--- ABOUT THIS EXERCISE ---
Exactly and only the lines below from the one containing "2021年1月,上海和黄药业" down to the one containing "Large antique Arsenal" are wanted, both included; please exclude every picture.

Segment Start: MATERIAL FOR THE TASK

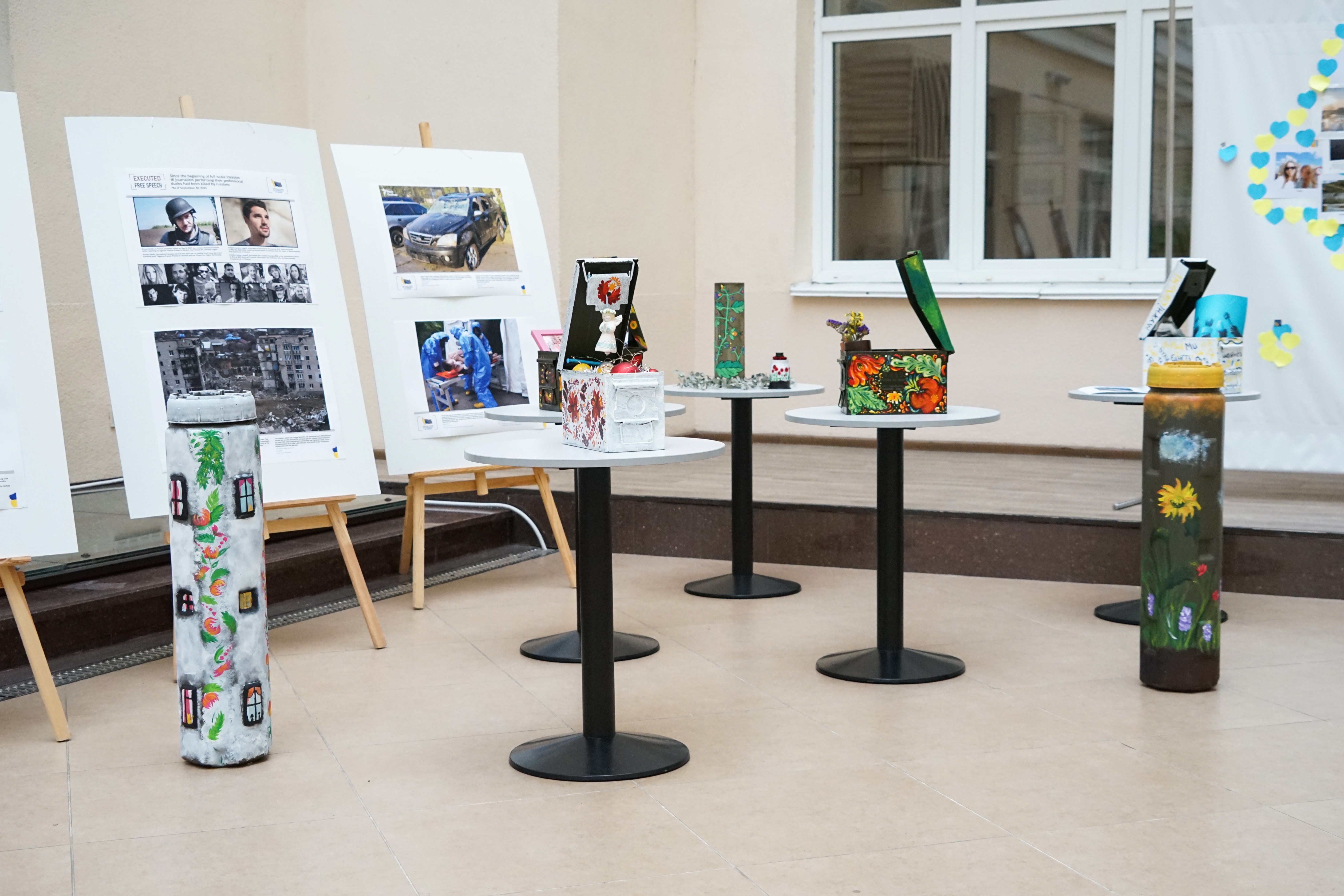 Експозиція військової атрибутики, власноруч розписаної студентами під час спільного майстер-класу, демонструє не лише талант, але й вміння перетворювати страшну смертоносну зброю в предмети краси. Таким чином грінченківські студенти не лише намагаються показати власну позицію, але й реалізувати свою безпосередню мету - допомогти Збройним силам України скоріше здолати ворога і мати можливість знову повернутися до своїх Місць щасливих людей. Усі атрибути, розписані студентами, будуть передані підрозділам, у яких воюють їх викладачі та волонтерам задля подальшої допомоги ЗСУ.
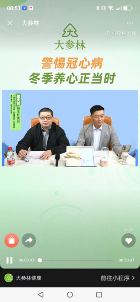 2021年1月,上海和黄药业携手全国各大连锁药店开展“名医直播”公益讲座,邀请专家在网络直播平台广泛普及冠心病等慢性疾病的诊断、治疗、预防知识,帮助大众建立科学的健康意识,不断提升大众的慢病自我管理能力。2022-2023年度累计开展直播1462场,教育近150万人次。同时,药店举办“医师咨询”义诊活动456场,教育近2.5万人次。
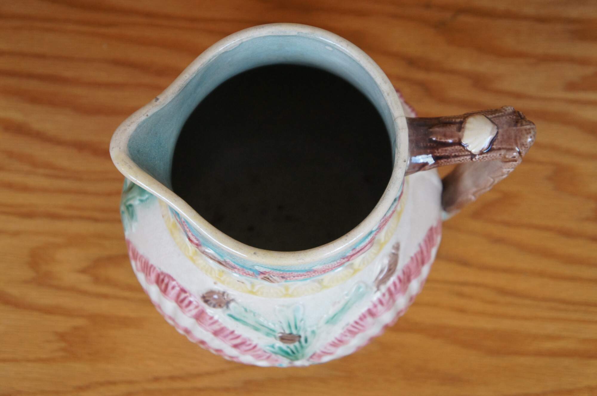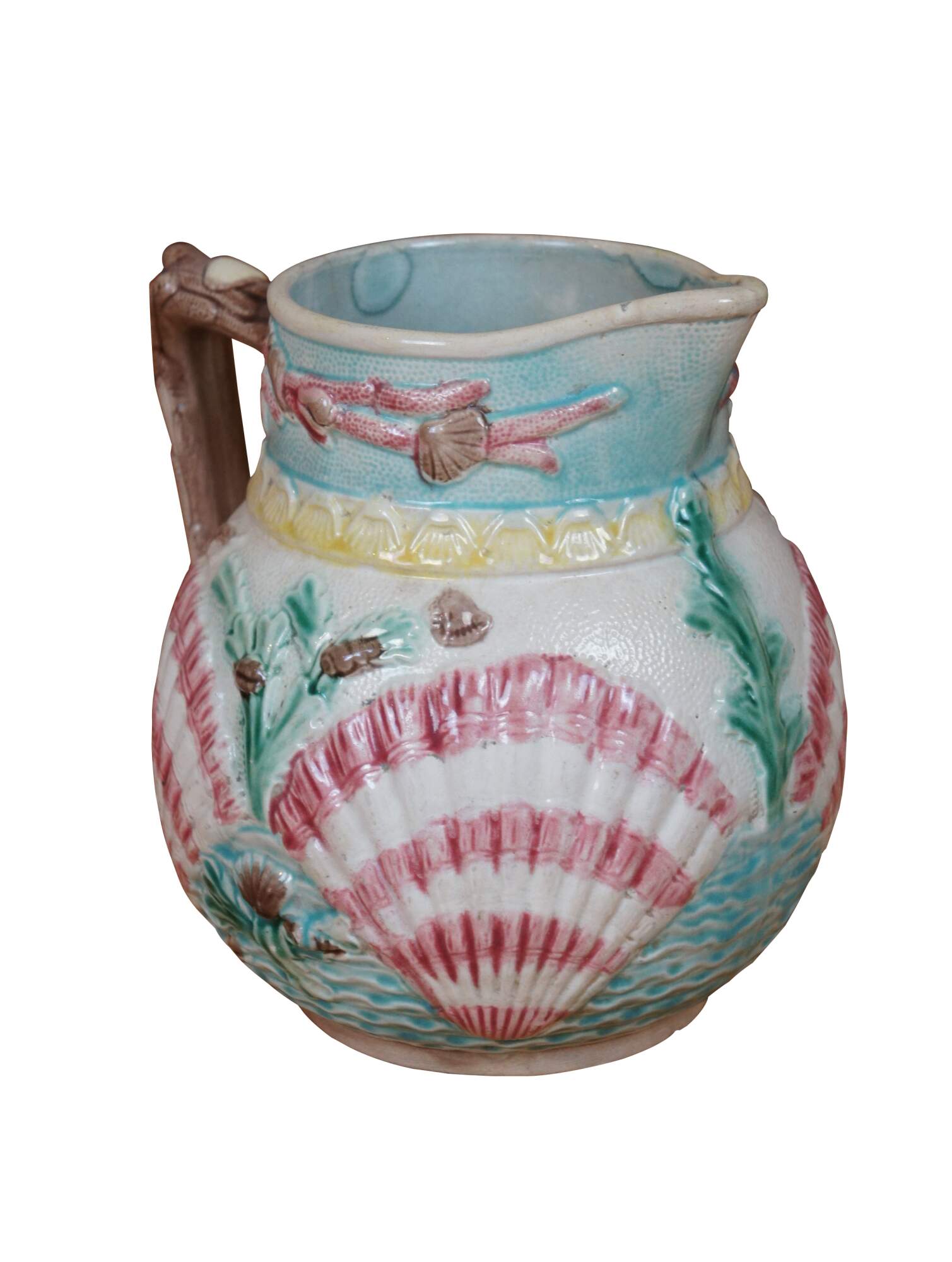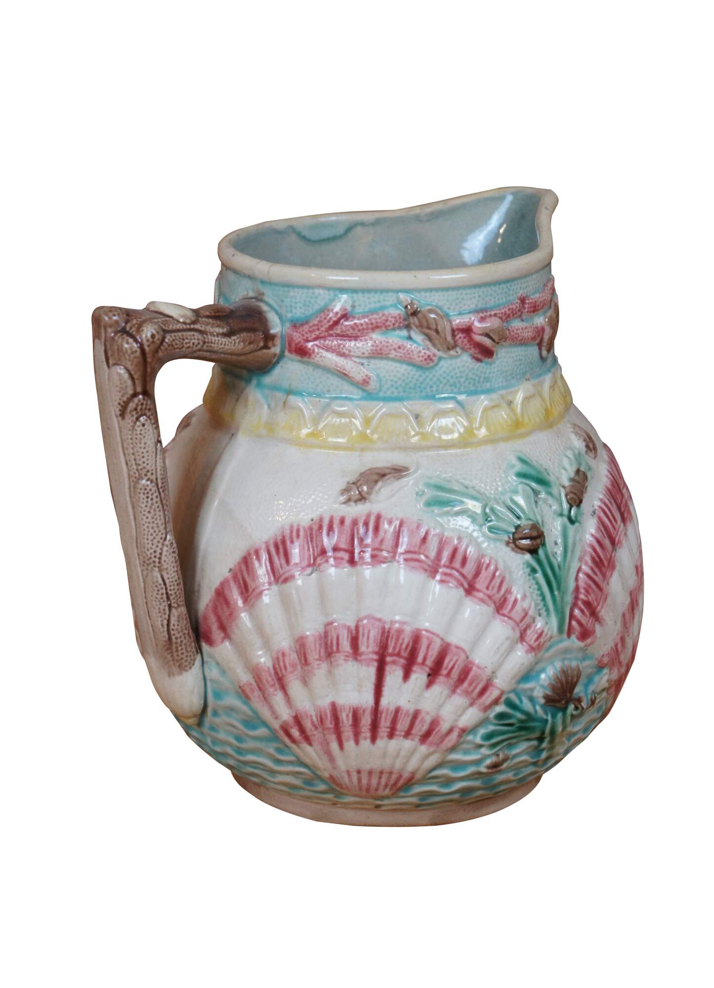 Large antique Arsenal Pottery after Wardle Majolica nautical Ocean pitcher / jug / carafe featuring a coral seashell and seaweed theme.
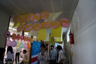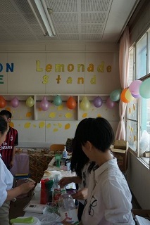 レモネードスタンド会場の教室は、段ボールを切り抜いた「LEMONADE STAND」という看板、画用紙で作ったたくさんのレモン、色とりどりの風船、レモン色の布などで飾りました。また、小児がんのこと、ヘアドネーションやホスピタルクラウンについて調べたことを掲示しました。
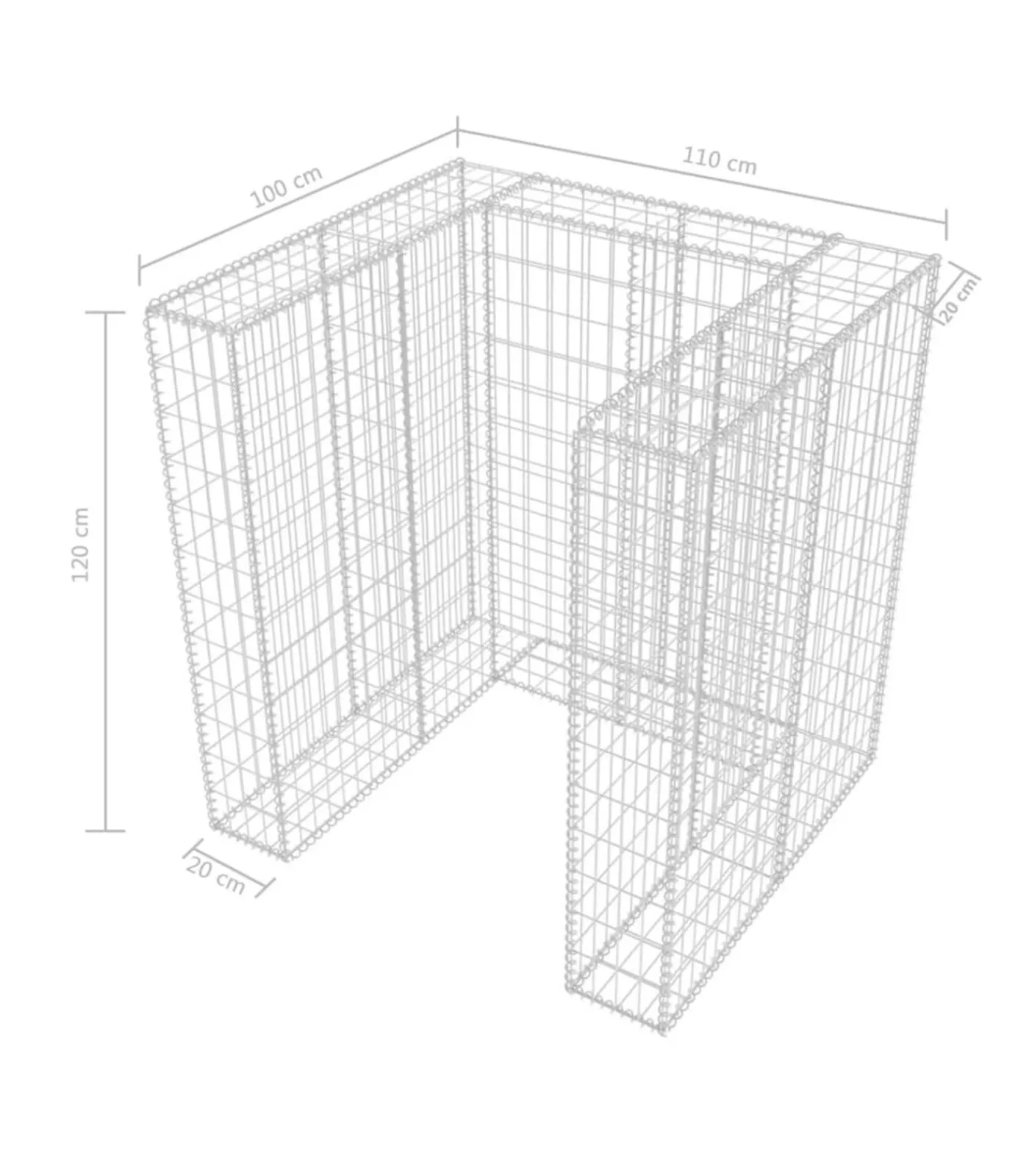 Deze stabiele en duurzame afvalcontainer schanskorf ombouw is gemaakt van roest– en weerbestendig gegalvaniseerd staal. Het gaasrooster is gevormd door de horizontale en verticale draden aan elkaar te lassen bij iedere kruising. De gabion is erg stevig dankzij de draaddiameter van 3,5 mm. De deksels aan de boven– en onderkant van de korf houden de inhoud op zijn plek.
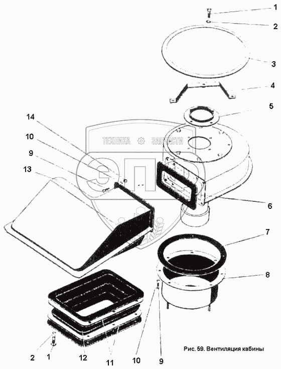 Каталог запасных частей к технике: ПТЗ К-701. Вентиляция кабины

Segment End: MATERIAL FOR THE TASK

--- EXERCISE RESULT ---
 2021年1月,上海和黄药业携手全国各大连锁药店开展“名医直播”公益讲座,邀请专家在网络直播平台广泛普及冠心病等慢性疾病的诊断、治疗、预防知识,帮助大众建立科学的健康意识,不断提升大众的慢病自我管理能力。2022-2023年度累计开展直播1462场,教育近150万人次。同时,药店举办“医师咨询”义诊活动456场,教育近2.5万人次。
 Large antique Arsenal Pottery after Wardle Majolica nautical Ocean pitcher / jug / carafe featuring a coral seashell and seaweed theme.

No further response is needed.